Paper ID: 631
Title: More Effective Distributed ML via a Stale Synchronous Parallel Parameter Server
Reviews

Submitted by Assigned_Reviewer_2

Q1: Comments to author(s). First provide a summary of the paper, and then address the following criteria: Quality, clarity, originality and significance. (For detailed reviewing guidelines, see http://nips.cc/PaperInformation/ReviewerInstructions)
The paper describes a bounded-staleness design for a parameter server for iterative distributed learning based on vector clocks. The idea is clear, intuitive and provides a nice parameterized range between the previous designed for pure asynchronous updates (e.g., Hogwild or Yahoo LDA) and approaches that have a hard synchronization barrier (e.g., most recent SGD papers). While there are no breaking theoretical insights, the paper correctly adapts the analysis from [17]. THe paper is very well-written, and the SSPtable design description is exemplary.

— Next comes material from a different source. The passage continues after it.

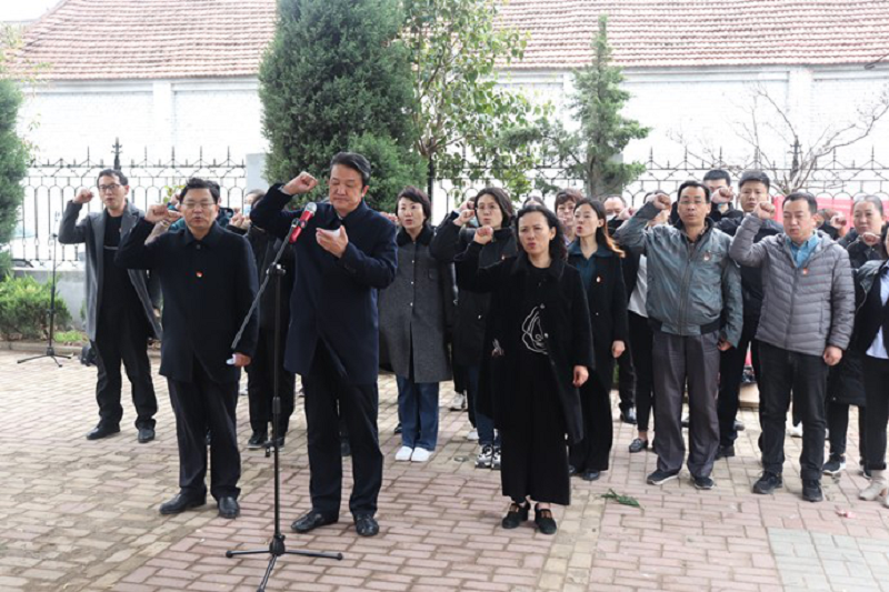 隨后,在劉心臣書記的帶領(lǐng)下,全體人員面對革命烈士紀(jì)念碑,高舉右拳,再次許下莊嚴(yán)而鄭重的誓言:“我志愿加入中國共產(chǎn)黨,擁護(hù)黨的綱領(lǐng),遵守黨的章程……”,鏗鏘誓言,莊嚴(yán)神圣,聲音響徹于心,在陵園內(nèi)久久回蕩。

The experimental results are convincing, with computation-vs-communication and clocks/worker/time results particularly encouraging . A few areas for improvement/details that would help:
- Lasso results are painfully limited to a toy synthetic dataset -- a more comprehensive evaluation on it would be quite useful.
- A direct comparison with state-of-the-art distributed learning packages (Yahoo LDA, Hogwild) would be illustrative.
- There should be a single-worker baseline.
- How exactly is data partitioned? This should be mentioned.

A couple suggestions:
- For matrix factorization, could the idea be combined with Gemulla et al's approach for sub-epochs that operate on non-overlapping parameter blocks sequentially?
- It would be helpful to discuss the possibility of forcing the slowest stragglers to sync with an incomplete iteration if that prevents blocking for current staleness level.
Q2: Please summarize your review in 1-2 sentences
The paper is well-written, describes an intuitive idea, and provides convincing experimental results with some relatively minor areas for improvement.

Submitted by Assigned_Reviewer_7

Q1: Comments to author(s). First provide a summary of the paper, and then address the following criteria: Quality, clarity, originality and significance. (For detailed reviewing guidelines, see http://nips.cc/PaperInformation/ReviewerInstructions)
The paper presents an approach to building a parameter server for distribute ML systems that presents a view to each client where parameters have a bounded degree of staleness. Using a combination of caches, the client interface guarantees that all updates to the parameter array occurring after a fixed deadline (the current clock/iteration/tick minus a fixed delay) are visible along with more recent updates if possible. Thus the interface presents a view of parameters that integrates most updates along with best-effort service for more recent updates. It is shown that this simple semantic preserves the theoretical guarantees of cyclic delay methods while being significantly faster in practice. Empirical analysis on several problems with multiple cluster configurations show that the advantage is due to a combination of increased efficiency (over BSP) and optimization progress per update (over Asynchronous).

This paper presents a simple set of semantics that improve on "parameter server" schemes currently showing up in large scale machine learning applications. Along with straight-forwardly carrying over simple theoretical guarantees, the method is apparently significantly faster for reasonably-sized tests than the obvious competitors and on those points alone I think this is pretty positive.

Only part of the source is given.